The events on May Day, especially in Bloemfontein, were an embarrassment to the leadership of the ANC. But it was Free State premier Ace Magashule who suffered the greatest embarrassment when the national rally in Bloemfontein had to be called off.

He blamed “outsiders” for the booing and disruptions, and claimed that all workers in his province were members of the ANC and supported President Jacob Zuma. This, says Bell, was a variation on the increasingly desperate and strident claim by senior ANC sources that their broad church remains intact and essential.

READ: May Day booing sign of a healthy democracy, says unfazed Zuma

But what happened on May Day was a clear indication of the major schism in this proclaimed broad church. It is a schism that has been 20 years in the making. In fact, the first indications came in 1993 when Nelson Mandela backtracked on the question of nationalisation when speaking at the World Economic Forum in Davos.

But it was only in 1996 that the basis for the eventual rupture became clear. This when the combined trade union movement issued their macro-economic policy proposals in a document entitled Social Equity and Job Creation.

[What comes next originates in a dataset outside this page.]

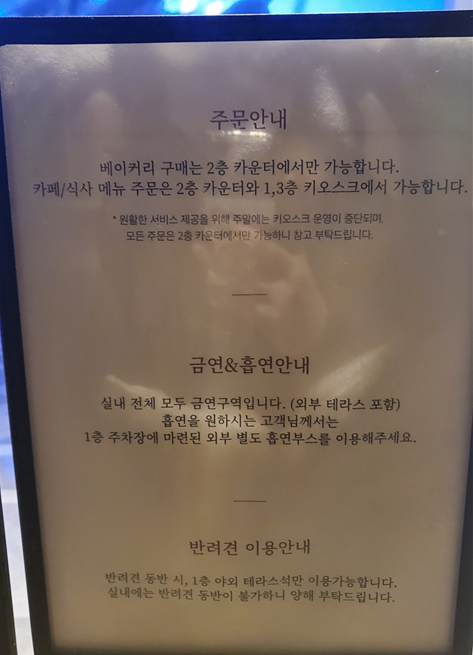 - 반려 동물 동반 시 1층 야외 테라스만 이용 가능 *실내 동반 불가

The document, based on years of research by the ANC’s own Macro-economic Research Group, prioritised redistribution before growth.

The unions were responding to a proposal by the business lobby to have policies that prioritised growth – the now largely denigrated “trickle-down” theory. Government then responded with its own version of trickle down theory, the Growth Employment and Redistribution outline.

Gear became the new doctrine of the broad church. Senior members of Cosatu and the SA Communist Party, while still quietly expressing political heresy, donned the robes of the ANC and sang together in the Parliamentary choir from the hymnbook of neo-liberalism.

Those days appear now to be gone, says Bell. And the essential lesson to be learned in a multi-party parliamentary democracy is that only one broad church is essential: an intensely democratic trade union movement that organises all workers as workers.